We have described using the computational windfall from locking the build that comes out of the capacity expansion model to increase the complexity of dispatch. But another way to spend that windfall is by running our dispatch models many times. This is particularly important when we want to understand how random factors influence outcomes.

We can look at many different potential realisations of a random variable, to understand not just a single point estimate of outcomes, but an entire distribution. This can help us answer questions like:

  • Can our power system withstand extreme demand events?
  • How might different weather conditions (ie, temperature, wind and solar irradiance) lead to different outcomes, and how different are those outcomes from one another?

The key here is to create the inputs – ie, the weather and demand traces – that will feed into these simulations. In the National Electricity Market, the market operator publishes a range of traces for demand and weather going back 13 years. But we can go further using historical data sets such as the MERRA-2 data set to create a longer history. The challenge is always to ensure that the weather and demand conditions are correlated. For example, it would be a mistake to use temperature from 2011, but wind data from 2022. The two would be misaligned with the potential for outcomes like high output from wind farms occurring at the same time as high temperature outcomes in summer. In general, the solution here is to ensure that all the trace variables are aligned, and so it is not possible to ‘mix and match’ traces without compromising the value of the exercise.

In the event that a model requires even more data than is historically available, the solution is to create synthetic data, which preserves the relationships between the variables, but which is generated using probabilistic machine learning or some other suitable technique. For more information about this type of approach, we refer the reader to Probabilistic Deep Learning by Oliver Dürr and Beate Sick.

Once we have run the model across all the available data, we can look at the distribution of outcomes and see how much additional information has been revealed. In our opinion, this type of ‘stress testing’ is massively underapplied across the sector. And even when it is applied, for example in reliability studies, not enough analysis occurs of the distribution of outcomes. As more and more data sets become available, and the system gets more and more dependent on random factors, this type of approach will become increasingly powerful.

Where to from here?

So we now have an end-to-end modelling process. But even after two articles, we have barely scratched the surface of the process. The power system is a complex beast, and a model that seeks to simulate its operation will be similarly intricate.

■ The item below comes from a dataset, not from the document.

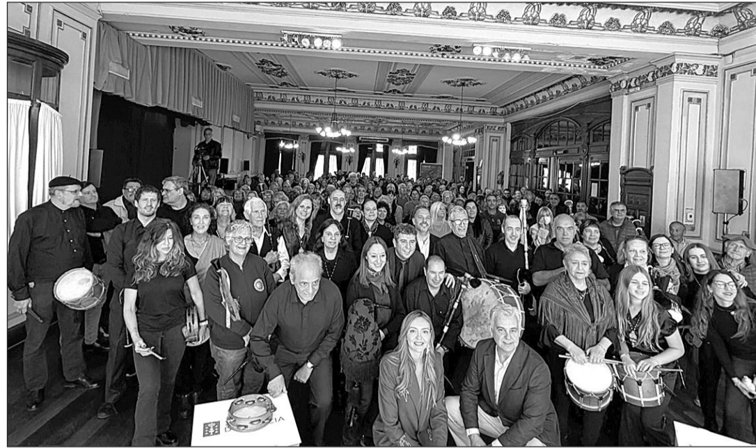
Fabiola García, acompañada por López Dobarro, durante el encuentro en el Club Español con la colectividad gallega.

conselleira defendió el posicionamiento de Galicia como referente internacional en bienestar social. Reivindicó que “Galicia es el mejor lugar del mundo para vivir”, una afirmación que, según explicó, se sustenta en políticas “estables, serias y rigurosas” impulsadas por el Ejecutivo autonómico.

This intricacy can sometimes lead modellers to avoid talking about the fine details of their modelling and, in some instances, to use modelling to justify poor decisions.

With this in mind, we think that the most helpful tool for someone trying to engage with, or commission, energy market modelling is a guide to some of these tricks. In our final instalment of this series, we therefore examine the assumptions and methods – the Dark Arts – that your modeller would rather not talk about. Our intention in doing so is to arm you with the basics of ‘Defence against the dark arts’. This is the information you need to understand both what models cannot do, but more importantly the many powerful questions that can indeed be answered by modelling if we are able to stretch our understanding.